There are gaps in my memory of the day it happened, of my time in the hospital, of the years after. At age 20, I still wanted to die. Thankfully, I sought help, but those two and a half years of counseling were spent on one incident, on my thoughts of wanting to die, but not wanting to be dead. I never dealt with the underlying causes.
The law had saved me, physically, six years before, but the memories remained. I had no one to talk to, so I stuffed everything down as best as I could, but the memories were always there. I struggled my entire life to feel normal and to just make it until tomorrow. My nightmares weren’t just memories of that one day, of the hospital, and of the abortion. They were nightmares of seven years of abuse by more than one person. I carried those images for four decades until I couldn’t.
January 22, 1973, changed my life before I even knew it could. If not for Roe v. Wade, I would have never graduated high school or college. I would have never had the opportunity to travel the world. I would have never married. I would have never met my friends from the Netherlands, England, Greece, and Tanzania. My friends here in Scottsbluff would never have known I existed. A law that put my inalienable right to choose on paper made that all possible.
I’ve still got a long road ahead as I continue to confront and heal from the years of abuse. I’m going to have an intense year of therapy.
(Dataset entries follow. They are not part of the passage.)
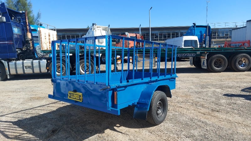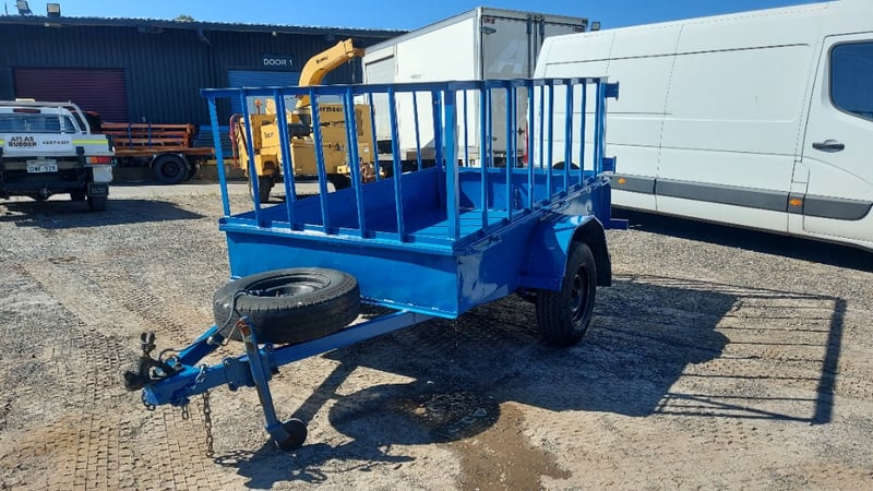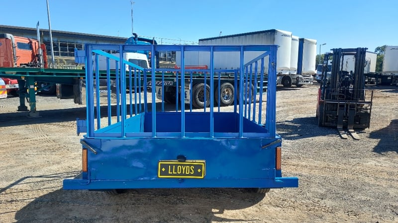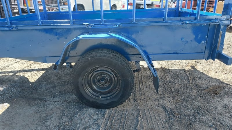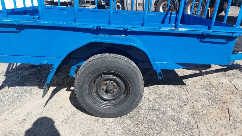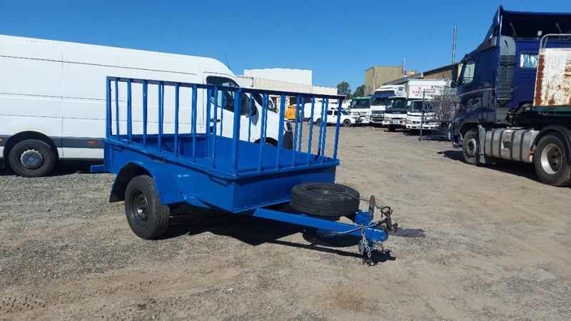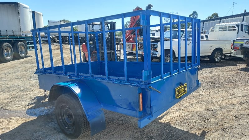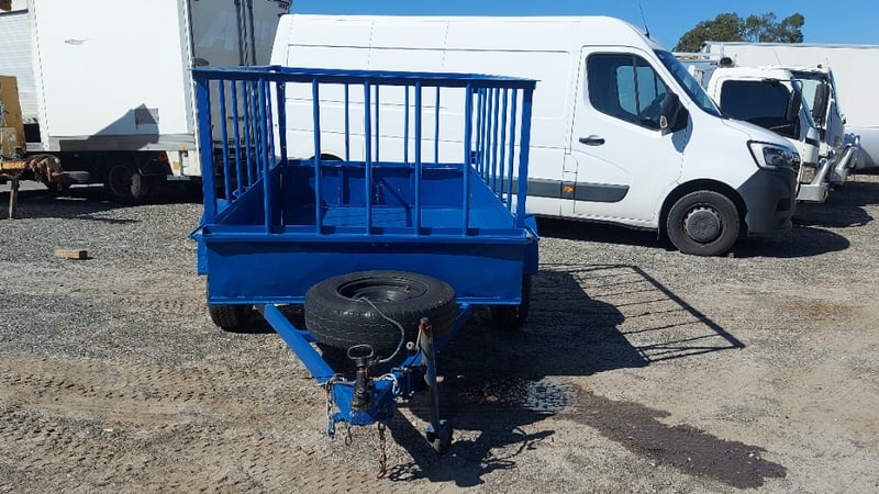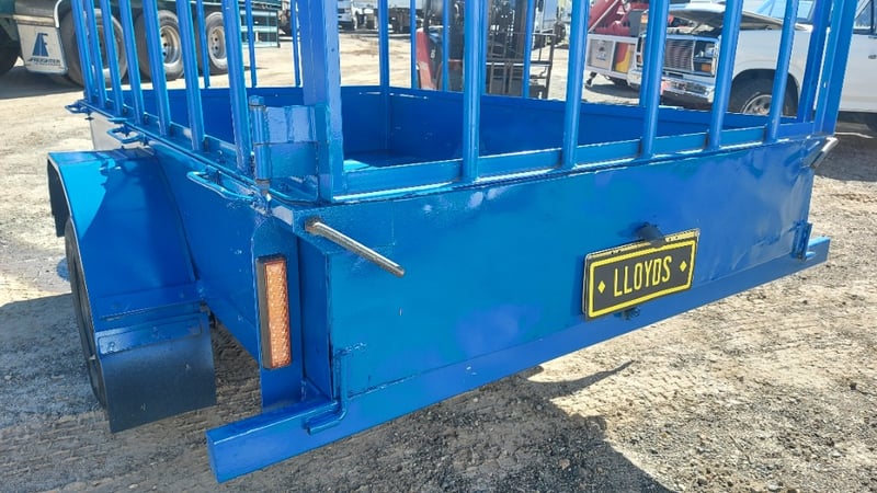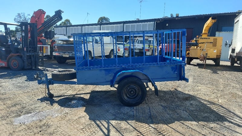 1988 Homemade box trailer, painted blue steel, single axle, 6’ x 4’, fabricated cage with hinged rear gate, spare tyre, jockey wheel, 50mm dia. ball hitch, ATM: 750kg, NSW Reg. N-21530, Expired: 13/03/26, VIN: ends with 8607 (Service NSW registration check)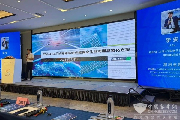 展会期间,欧科佳中国常务副总经理李安受邀在中国-东盟商用车产业发展交流会发表主题演讲,详细阐述了《欧科佳商用车动态数据全生命周期具象化方案》的核心理念与技术洞见。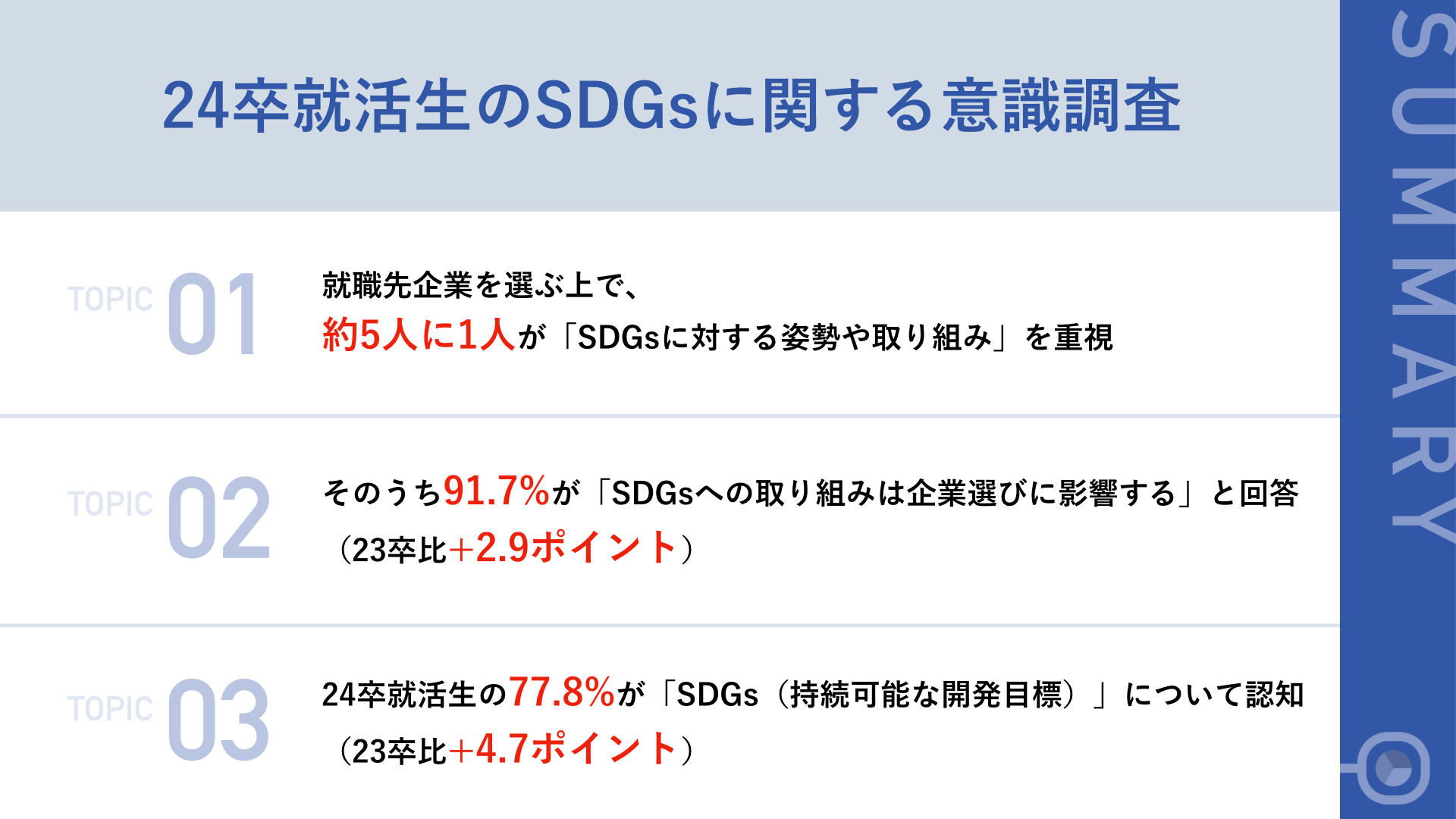 24卒就活生の77.8%が「SDGs」について認知(23卒比+4.7ポイント)

Whenever this journey ends, I know I will be better off and a better person than I am today.
In 2020, I took the first step in changing the outcome of the day after Labor Day from one filled with flashbacks of one of the most horrific days of my life to one of peacefulness. With the assistance of my supports, I spent the day hiking alone at Fort Robinson. I plan to repeat the process again until the day comes when I no longer think about those events in 1984. It was a small step for me only made possible by those who recognized my right to choose what happens to me.